I just need to vent, rant, and complain.
Last night was terrible at work. I left with $12. Had somehow made $22 off stage, but tipped the dj the mandatory $10. There were about 7 girls there and a total of probably 9 maybe 10 guys came in from 6pm until 1:30am.
It just wasn't my night. I'm glad everyone else managed a lap dance, but I couldn't get one to save my life. It gets to the point sometimes were I stop caring and just wanna get the fuck outta the club. To make things worse I don't need to hear stupid comments from stupid people as to why I can't pay my house fees and stupid fucking tip outs.
I said I'll pay my tip out Friday, but then get a stupid remark saying, "it's already gonna be hard enough to pay the $50 you'll have to pay." no, I can usually make fifty bucks, but I have a problem paying tip outs, house fees AND money taken from my dances! it's fucking expensive dancing out here and I just really miss my club back in Vegas.

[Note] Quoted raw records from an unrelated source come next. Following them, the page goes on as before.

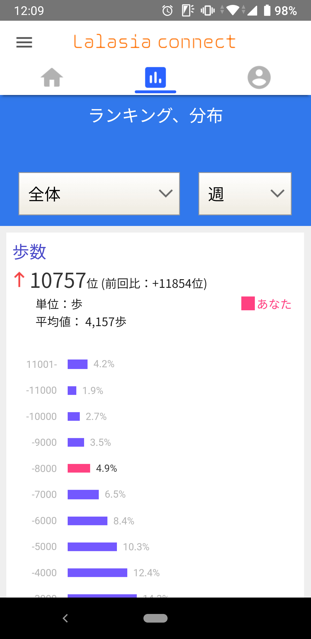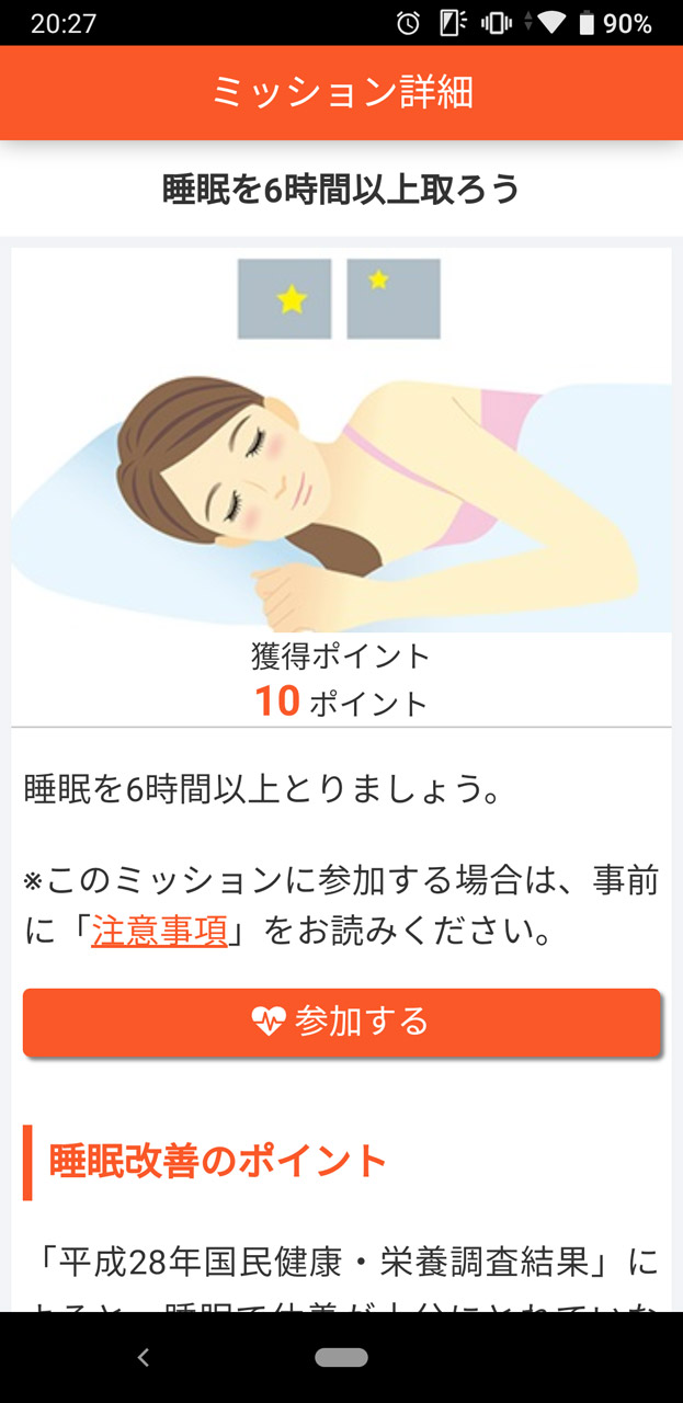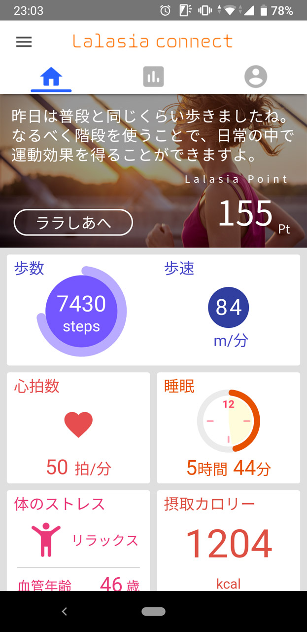 初日のトータルの歩数は「6832歩」、「食事バランスチェック」では「9項目」を達成できた。しかし睡眠時間は目標の6時間に足りず「4時間59分」で、ララしあの「ミッション」で参加していた睡眠6時間のチャレンジに失敗してしまった。これについては翌日以降、早めに寝床につくなどして改善していくしかない。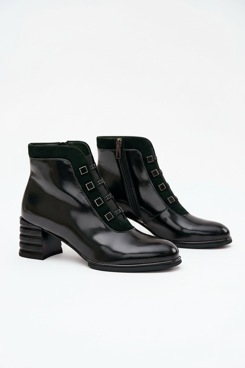 Women's Patent Leather Heeled Ankle Boots – Modern Gloss, Zip Closure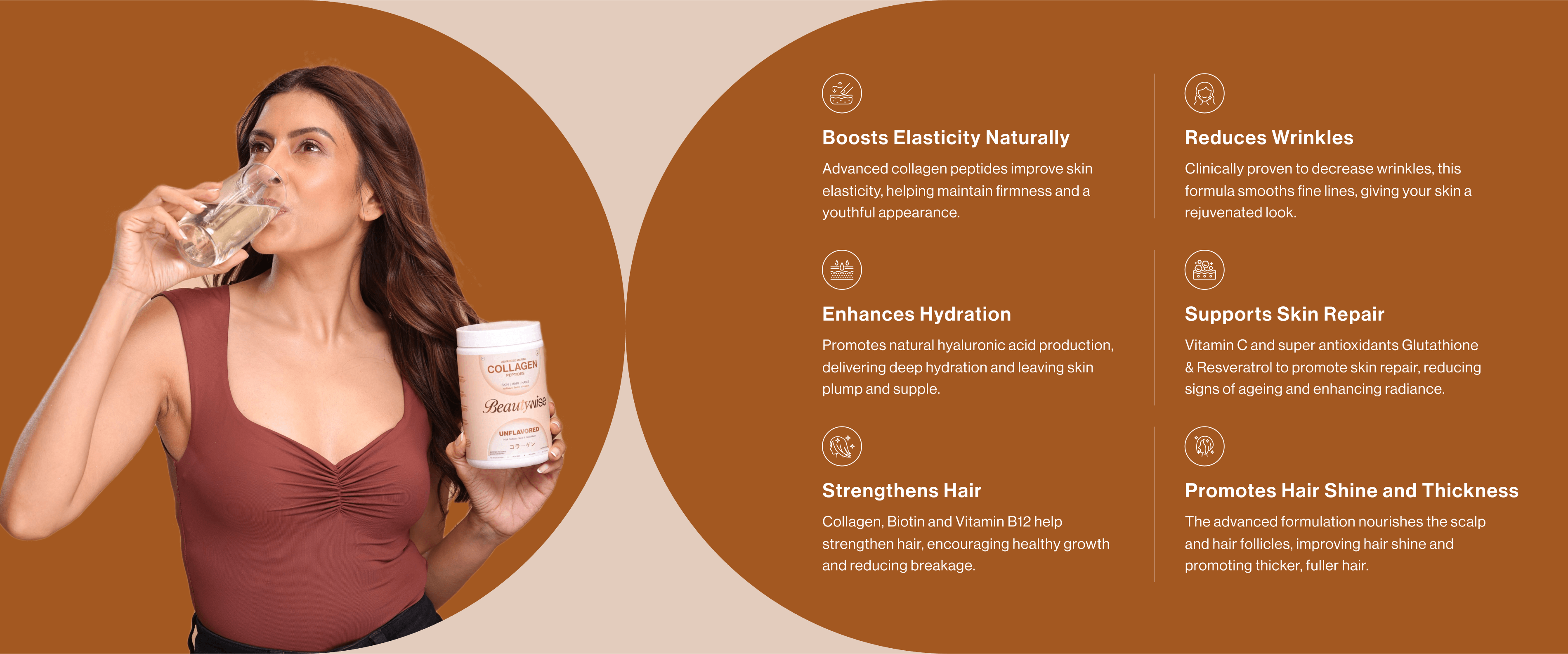 As you age collagen starts depleting from your body and replenishing it with collagen supplements prevent skin sagging, hair loss etc giving it amore youthful, heathier look. You can say collagen is the fountain of youth.

I haven't worked night shift since I started dancing back when I was 19. I hate might shift, but there's already too many girls on the day shift at this certain club. Maybe I should go somewhere else, but this club is 10 minutes from my house. Im not driving over an hour to go to another club.
This was the first time I was unable to pay my fees and I get stupid comments. Before leaving my manager said, "I understand there was almost nothing in here tonight, but you gotta work on your hustle." Okay? Really? I usually do fine and because one day I didn't pay I'm the most useless girl in the club? (So it feels....)
I've never heard of having to tip out the bar until moving out here. The bartender is already making more than anyone in the club. PLUS, most of the bartenders are dancers as well, so they're lucky they get to "double dip".
WTF?! I had to cry it out in the bathroom at work last night because I was just so frustrated and felt stupid. We all have bad days. I've had them plenty of times, but for some reason I let last night really get to me and everything everyone said got to me.
OH YEAH! Then some douche bag says I have pointy ears and play up the Spock thing for all the sci fi nerds. LMFAO! He wasn't rude about it. I laughed, but in my six years of dancing that was probably the weirdest thing anyone ever said to me.
I'm just rambling because I'm typing as I vent. It took everything in me to not walk out last night. Crying helped a lot. It's stupid, I know, but I had to release my emotions at the moment somehow. I'm bummed I cried my eyelashes off.....lol.
I'm gonna start fresh today and make so much money that I pay all my bullshit fees within the first hour or two of being there.....hopefully...lol.
Sorry this was so long and mixed up, but I needed to vent. I feel better now and am ready for tonight.